A public repository containing dataset and instructions for annotation for the paper "SGHateCheck: Functional Tests for Detecting Hate Speech in Low-Resource Languages of Singapore"
For any changes to this repository, please refer to the commits page.
SGHateCheck is a hate speech benchmark tailored for Singapore's socio-linguistical context. It extends the coverage of HateCheck (Röttger et al., ACL-IJCNLP 2021), similar to Multilingual HateCheck (Röttger et al., WOAH 2022).
SGHateCheck consists of test cases that are formed of combining templates and placeholders.
Templates represent different ways hate speech (and non-hate speech) can be represented, which we term as functional tests. SGHateCheck inherits 30 functionalities from HateCheck which was carefully curated to represent different ways hate is represented.
Placeholders represent the target of each test case. In total, 14 targets from six protected groups are represented. These were chosen after careful consideration of the Maintenance of Religious Harmony Act 1990 and Penal Code's section 1871.
SGHateCheck also comes in four widely spoken languages of Singapore, namely Malay, Mandarin, Singlish and Tamil.

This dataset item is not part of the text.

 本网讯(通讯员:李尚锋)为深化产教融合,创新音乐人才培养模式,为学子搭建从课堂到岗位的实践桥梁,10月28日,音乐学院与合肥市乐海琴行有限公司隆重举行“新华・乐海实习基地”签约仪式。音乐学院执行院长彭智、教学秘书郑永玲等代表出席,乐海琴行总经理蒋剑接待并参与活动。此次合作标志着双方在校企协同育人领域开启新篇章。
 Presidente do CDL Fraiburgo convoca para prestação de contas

SGHateCheck is created in three stages:
-
Translation of templates SGHateCheck contains original translations for Malay, Singlish and Tamil. Up to five machine translations of templates from HateCheck were generated, and two bilingual speakers (in English and the target language) would select and edit the translations. When necessary, templates were significantly altered to reflect the target language usage, or dropped entirely.
-
Combining templates and placeholders A carefully curated list of placeholders that represent target groups was first drawn up. The placeholders were then added into the template to form the final test case.
-
Human annotation of test cases A sample of test cases were selected for human annotation. For each selected test case, up to three bilingual annotators annotated the test cases as hateful if it has harmful language directed at a protected group. Other annotation choices are non-hateful and nonsensical, if the test case is incomprehensible to the annotator.

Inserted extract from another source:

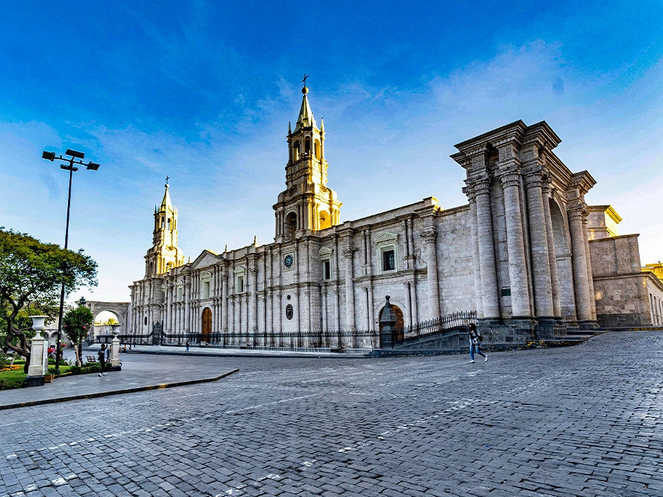 Continuaremos hacia Yanahuara, donde visitaremos la Plaza Principal con una vista espectacular de la ciudad y sus volcanes. Posteriormente, nos dirigiremos al mercado San Camilo para una experiencia auténtica y, después de la visita, nos trasladaremos a la Plaza de Armas de Arequipa. Aquí, el guía ofrecerá información sobre la historia y la arquitectura que rodea la plaza.

Each folder contains the three main categories of data in this dataset. Each category contains data from each target languages of the paper (MS: Malay, SS: Singlish, TA: Tamil and ZH: Mandarin).
This folder contains test cases that were generated using the techniques described in the paper.
This folder contains annotations of selected test cases that were obtained using the techniques described in the paper.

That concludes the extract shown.